Freschi di uscita anche molti film di genere come A White Day, White Day – Segreti nella nebbia, thriller drama di Hlynur Pálmason; Antlers – Spirito Insaziabile l’horror di Scott Cooper.
Con Una notte da dottore di Guido Chiesa, la commedia sceglie il remake di un film francese, nella versione italiana con Frank Matano e Diego Abatantuono.
Ancora un evento speciale di Alice nella città con Time is Up con Benjamin Mascolo e Bella Thorne, presto anche sposi nella vita, divi degli adolescenti, in un film italiano, diretto da Elisa Amoruso, prodotto da Marco Belardi, girato in inglese e già grande successo internazionale, tanto che un sequel è praticamente certo. È la storia di due adolescenti americani dalle personalità opposte. Vivien è studiosa e vive in una bella villa nell’agio, pronta a studiare fisica in un’importante università, mentre Roy soffre ancora per la morte della madre, con cui condivideva la sua grande passione, il nuoto. Girarlo durante il lockdown a Roma è stata una grande scommessa…

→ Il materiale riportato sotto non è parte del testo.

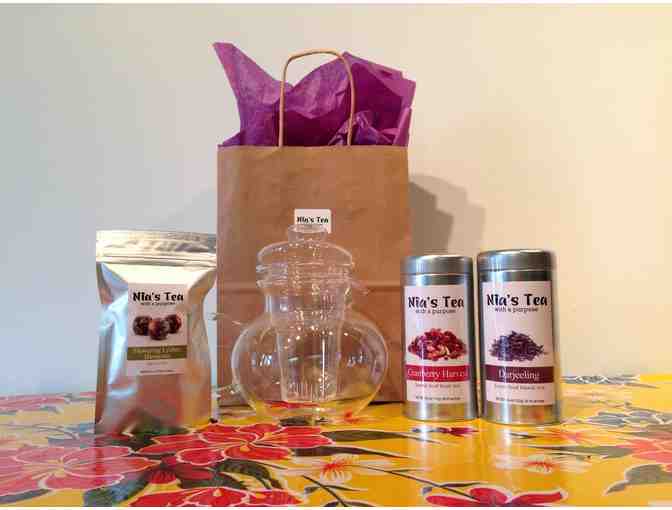 A selection of 3 loose leaf teas (Flowering Litchi Blossom, Darjeeling and Cranberry) and a beautiful glass teapot. The perfect gift for a new or veteran tea drinker.
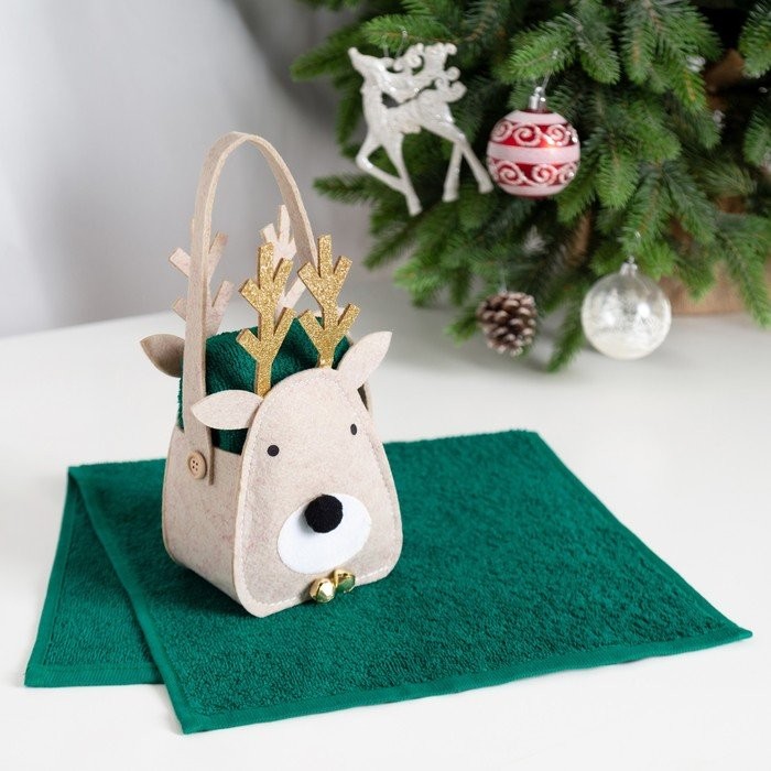 Полотенце в корзинке Экономь и Я «Олень» 30*60 см, цв. изумрудный, 100%хл, 320 г/м2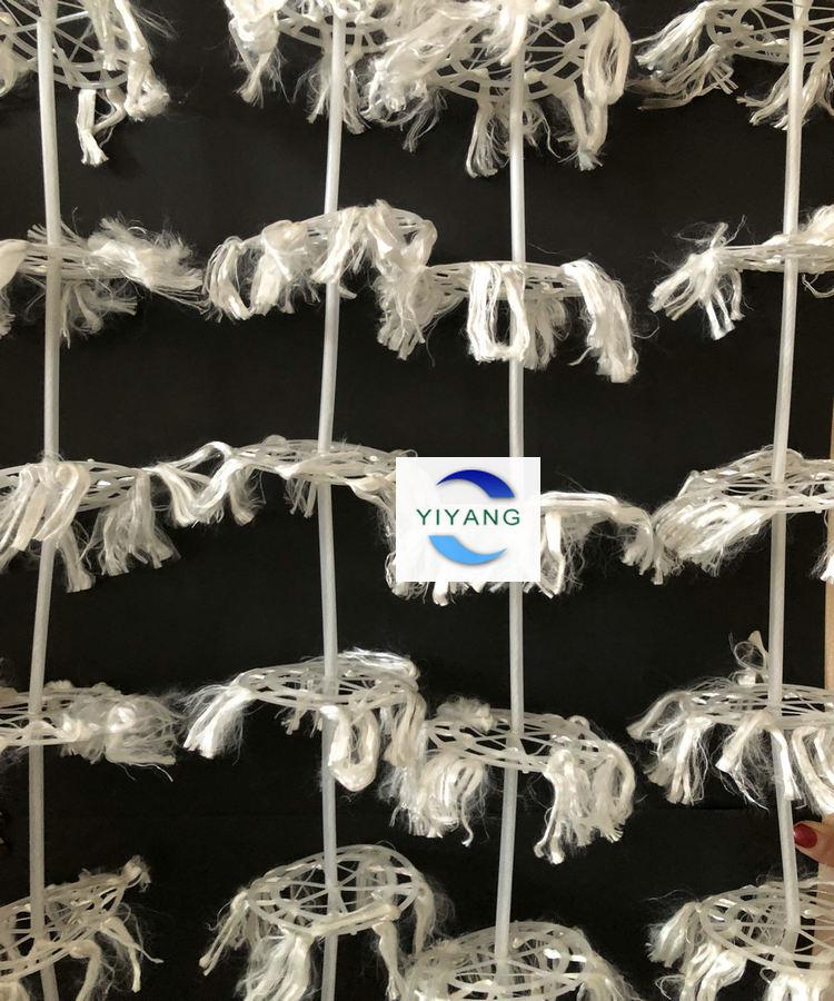 組合式填料又叫做組合式多孔環(huán)掛膜填料,產(chǎn)品由塑料環(huán)、維綸絲、中心塑料繩組成,產(chǎn)品材質(zhì)為全塑型夾片維綸醛化絲。成串狀的組合式填料每條上面有多個(gè)組合式填料片分布,有固定間距8公分、10公分。每束維綸絲串通4個(gè)方形孔,這樣醛化絲在塑料環(huán)上的牢固度就比較高了,在強(qiáng)大的曝氣湍急的水氣流的情況下,仍然能正常工作。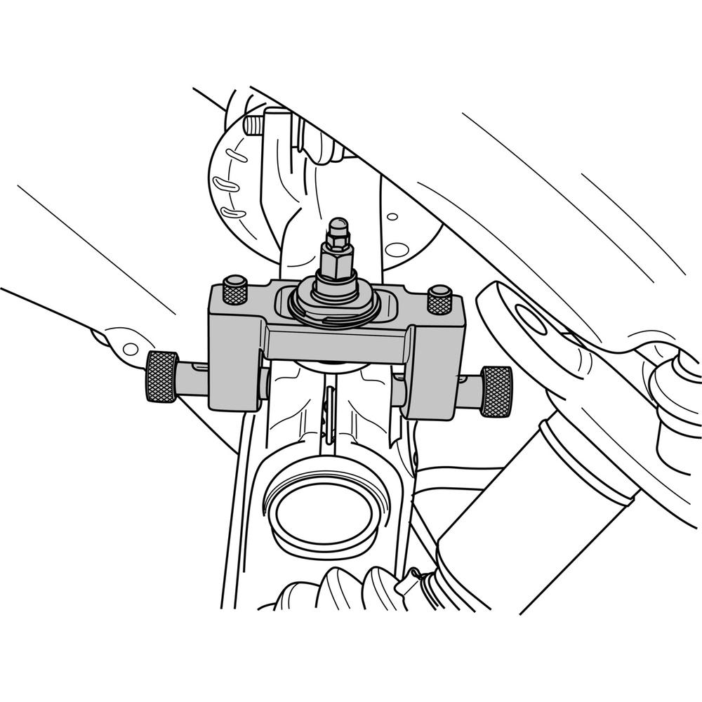 Um festsitzende Stossdämpfereinheiten aus der Achsschenkel-Klemmbohrung bzw. Traggelenke aus der unteren Traggelenkaufnahme beschädigungsfrei herausziehen zu können, ist es unbedingt erforderlich, die Klemmbohrung fachgerecht mit einem Spreizwerkzeug aufzuweiten.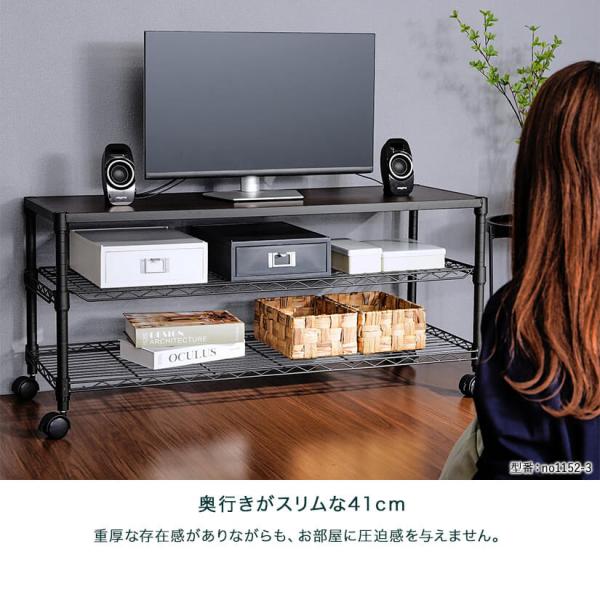 ルミナスノワール ローボード 黒 おしゃれ ブラック テレビ台 テレビラック キャスター付き スチールラック おしゃれ 幅80 3段 NO8052-3 Luminous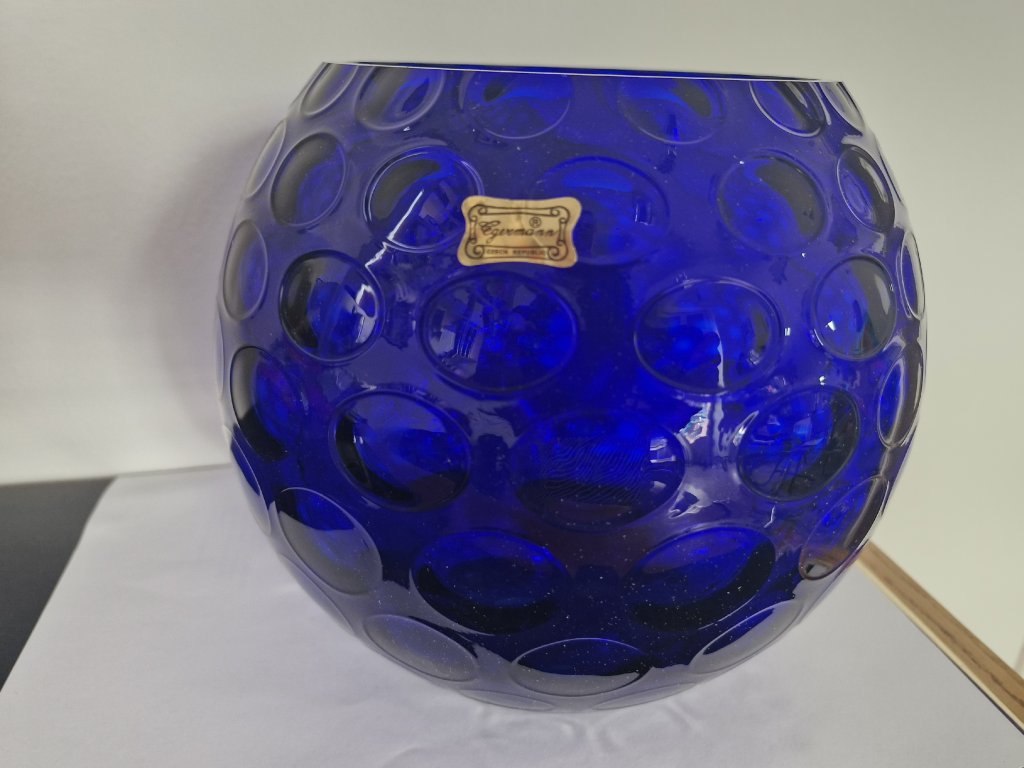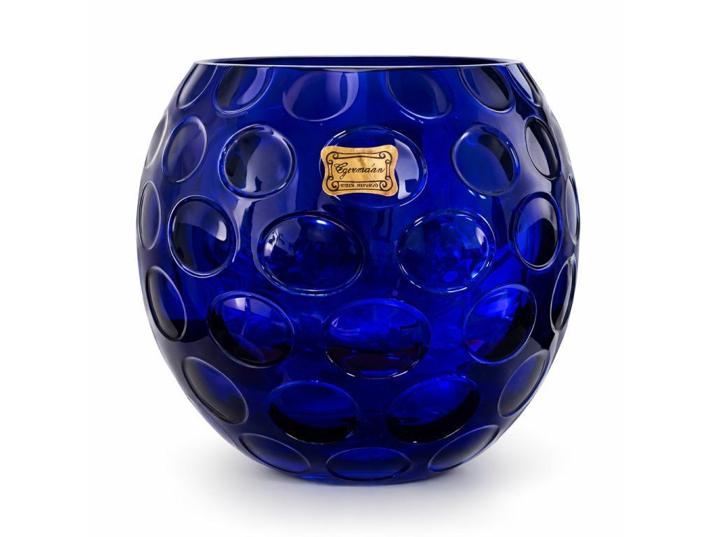 Nádherná kobaltová váza z foukaného skla ve tvaru koule s dekoremoptických čoček inspirována původním návrhem Maxe Kannegiessera, kolekce NEMO. Provedla sklárna Egermann, Nový Bor, 2. pol. 20. století. Výška 18 cm, šířka v nejširší části 21 cm. S původní nálepkou sklárny. Top stav nového zboží.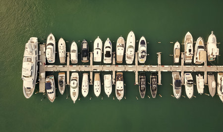 Yachts and boats moored in the marina. Aerial view.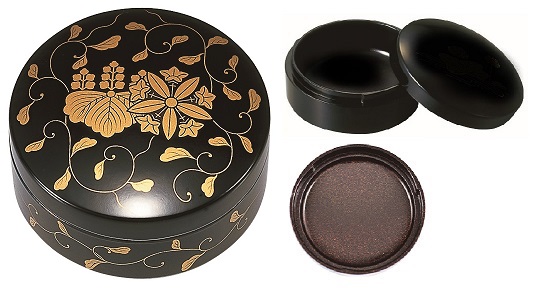 切立香合【木質製】黒 蒔絵唐草 八ツ藤 2寸5分(内梨地)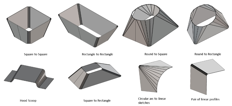 Sheet Metal Designers can now leverage the creation of lofted bends within the CATIA Sheet Metal Design workbench. This feature is available inside an existing hopper feature. The bent lofted bend feature accepts either an open pair of profiles or a closed pair of profiles. The input profiles may lie on a parallel plane or a non-parallel plane.

E sono già al cinema il musicale Deandré e deandré – Storia di un impiegato in cui Fabrizio De André è raccontato questa volta dal figlio Cristiano, erede della sua musica, attraverso la musica di un album uscito nel ’73, ispirato al maggio francese, scritto con Giuseppe Bentivoglio e Nicola Piovani. Mai una musica e i testi di De Andrè così attuali alla luce della storia di questi anni. Tutto comunque è raccontato dal punto di vista del figlio, e con Cristiano anche Dori Ghezzi ci consente di entrare nella casa amatissima della Gallura.
Altri titoli: il dramma Polvere di Antonio Romagnoli, interpretato da Saverio La Ruina e Roberta Mattei (Non essere cattivo), storia di un uomo e una donna che s’incontrano, in un legame sentimentale che si trasformerà in un vero e proprio incubo di violenza psicologica. Nascosta come la polvere sotto i tappeti.
Infine, le storie su cartomanti e artigiani in Divinazioni di Leandro Picarella in un Sud ancora ricco di magia. E Moka, presentato un anno fa alla Festa di Roma, documentario che cerca nel cuore di una fonderia i segreti della trasformazione dei metalli.
Andiamo al cinema, oggi in sicurezza e con il green pass, le sale ci aspettano.